Fiore P M, Melamed S
Glaucoma Consultation Service, Massachusetts Eye and Ear Infirmary, Harvard Medical School, Boston 02114.
Ophthalmic Surg. 1989 May;20(5):373-4.
A patient with refractory glaucoma secondary to trauma and repeat penetrating keratoplasty had Molteno implant surgery to control elevated intraocular pressure. Six weeks after surgery intraocular pressure rose abruptly, and a fibrinous membrane was seen covering and occluding the tip of the Molteno tube.

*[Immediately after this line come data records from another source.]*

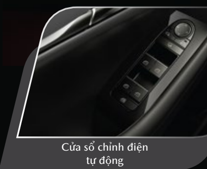
Cửa sổ chỉnh điện tự động
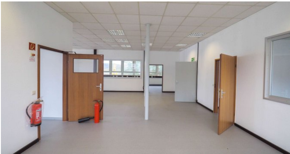
Bürogebäude 2 OG
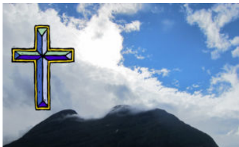
Himmel, fjell og kors

Jeg tror absolutt på at vekkelse kan finne sted. Imidlertid er det masse eksempler på feilslåtte profetier om forestående vekkelser. Mange spådde vekkelser har det ikke blitt noe av. Andre vekkelser har funnet sted, men fort dabbet av og ikke blitt noe særlig langvarig eller holdbart.
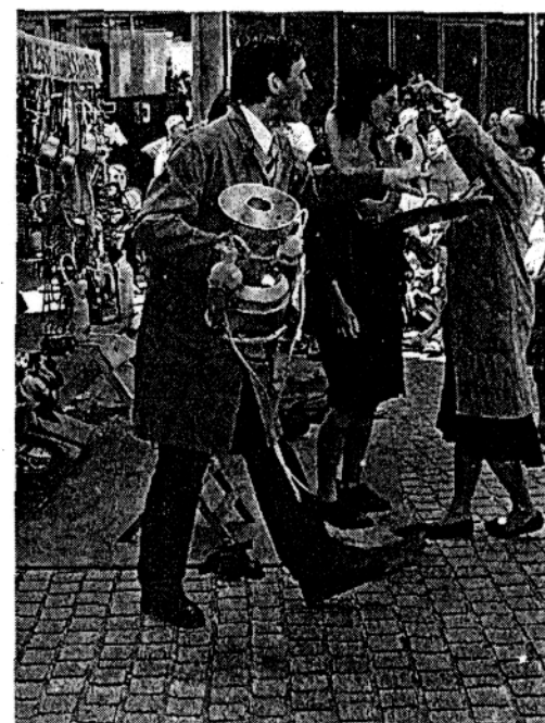
À la quincaillerie Parpassanton, on trouve de tout. Un régal avec cette troupe aux faux-airs des Deschiens.

Une blouse grise, la cravate, la raie sur le côté. On se croirait revenu quelques dizaines d'années en arrière, avec des quincailliers un brin austère. C'était hier, sur la place Jeannie-Mazurelle, à La Roche-sur-Yon, avec la compagnie Cirkatomic, qui n'est pas sans rappeler les si fameux Deschiens. Dans la quincaillerie Par-
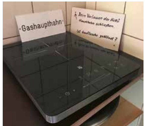
„Erbauerzeit – Gegenwart“
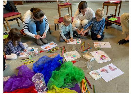
03 MÄRZ Wenn Buntstifte den Kirchenboten zieren ist es Fiire mit dä Chliine-Zeit. Ein farbig-fröhlicher Anlass.
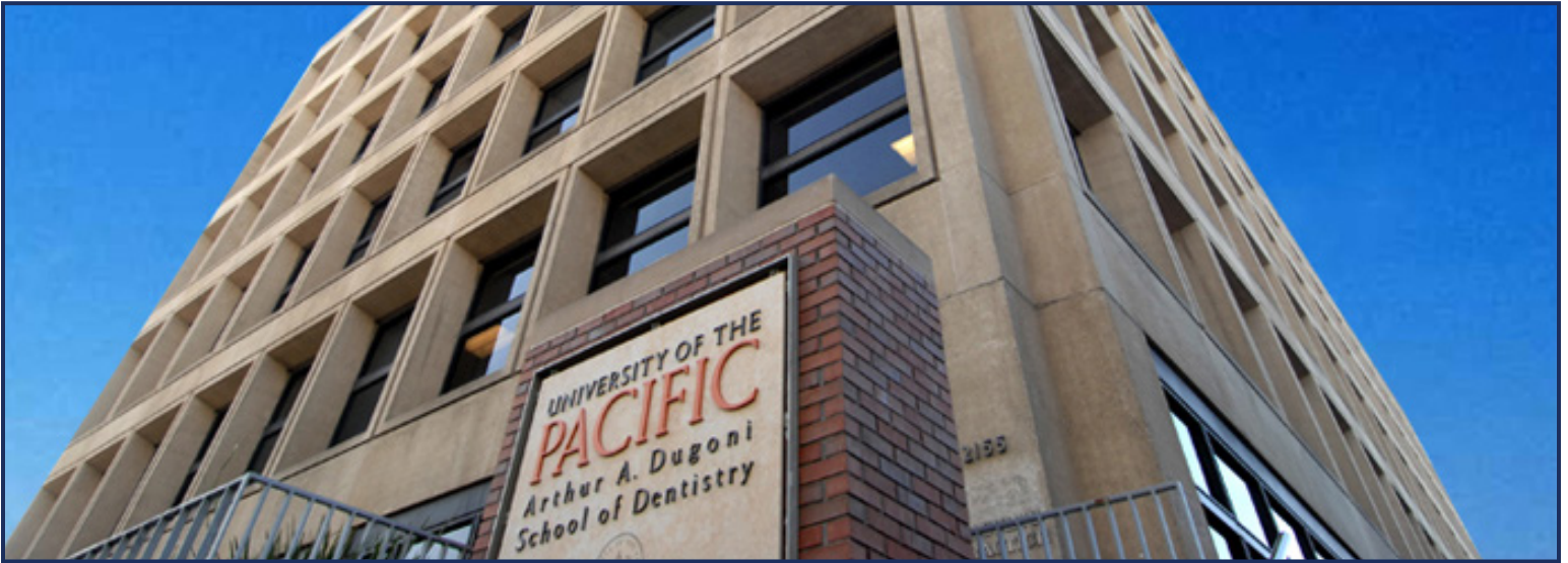
캘리포니아 샌프란시스코 웨스터 스트리트 2155번에 소재하는 기존 아서 에이 듀고니 치과대학

캘리포니아 인프라 프로젝트는 가장 이상적이고 가장 성공적인 지역사회에서도 열매를 맺을 수 있도록 자금에 관한 지원을 필요로 합니다. 이러한 프로젝트들은 직접적인 프로젝트 지역뿐 아니라 많은 다른 지역 출신의 주민들에게 영향을 미칠 것입니다. 경제 분석에 의하면 이 프로젝트는 현재 경제 사정에서 고용 창출을 활성화하기 위하여 도움이 필요한 캘리포니아 주의 많은 지역사회로부터 사람들을 고용하게 될 것입니다. CMB는 새로운 고용을 창출하고 변화를 가져올 투자를 위하여 헌신할 것입니다.
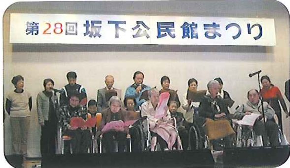
▲みんな大きな声で元気よく歌いました

3月7日(日)、坂下公民館まつりの演芸部門へ特養・ケアハウス・グループホームの利用者さん15名でカラオケ発表に出演しました。
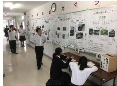
校内での魅力マップ展示
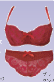
ブラ / ¥12,600 タンガ / ¥8,400 / オーバドゥ
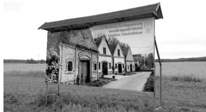
Üdvözlő óriásplakát a falu szélén

Mindhárom pályázat kiírását a korábbi intézményvezetők kinevezési, megbízási idejének lejártá indokolta.
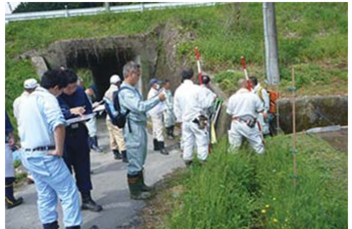
境界立会（新名神京都事務所）
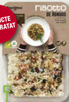
Risotto de fongs TREVIJANO 280 Gr
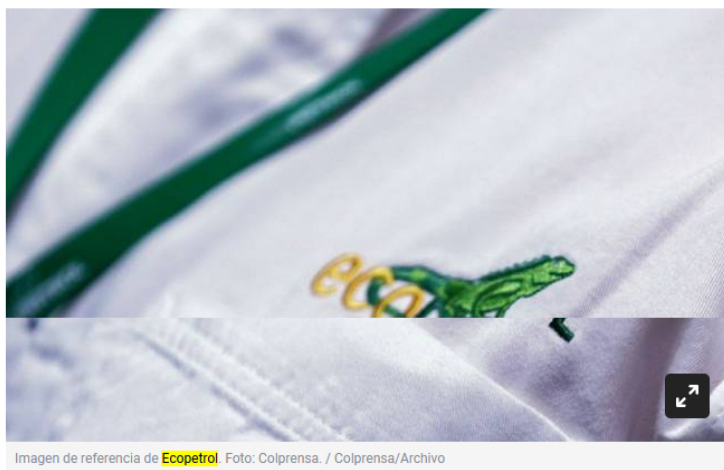
Imagen de referencia de Ecopetrol .

La convocatoria la hizo el mismo presidente de la petrolera, Felipe Bayón.
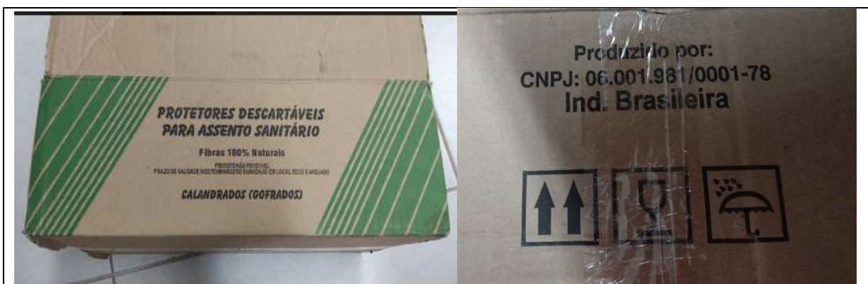
Imagem 01- Embalagem secundária

Primando pelo princípio da razoabilidade e proporcionalidade, a margem de diferença da medida cima apontada, não traz prejuízos consideráveis e nem impacta na utilização do produto, sendo este Núcleo favorável à aprovação.
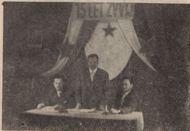
Posnetek s slavnostne seje občinske organizacije ZVVI
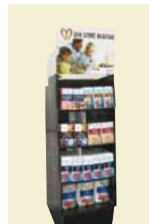
Bagedisplay 1/4 palle Art nr: 42116

Indhold: 25 pk. Brun Farin 500 g 20 pk. Flormelis 500 g 10 pk. Perlesukker 500 g 8 pk. Rørsukker 500 g 6 pk. Dansk Sukker 2 kg

The Q-switched neodymium (Nd):YAG laser was used successfully to open the membrane, with subsequent renewal of aqueous flow and control of intraocular pressure. Bevel-up cutting of the tube tip facilitates Nd:YAG laser opening of such an obstruction. We describe this use of the Nd:YAG laser and recommend bevel-up trimming of implant tubes in aqueous implant surgery.
一名因外伤继发难治性青光眼且接受过多次穿透性角膜移植术的患者接受了莫尔顿植入物手术以控制眼压升高。术后六周眼压突然升高,可见纤维蛋白膜覆盖并阻塞莫尔顿管尖端。调Q钕(Nd):YAG激光成功用于打开该膜,随后房水流动恢复,眼压得到控制。管尖向上倾斜切割有助于Nd:YAG激光打开此类阻塞。我们描述了Nd:YAG激光的这种应用,并建议在房水植入物手术中对植入管进行向上倾斜修剪。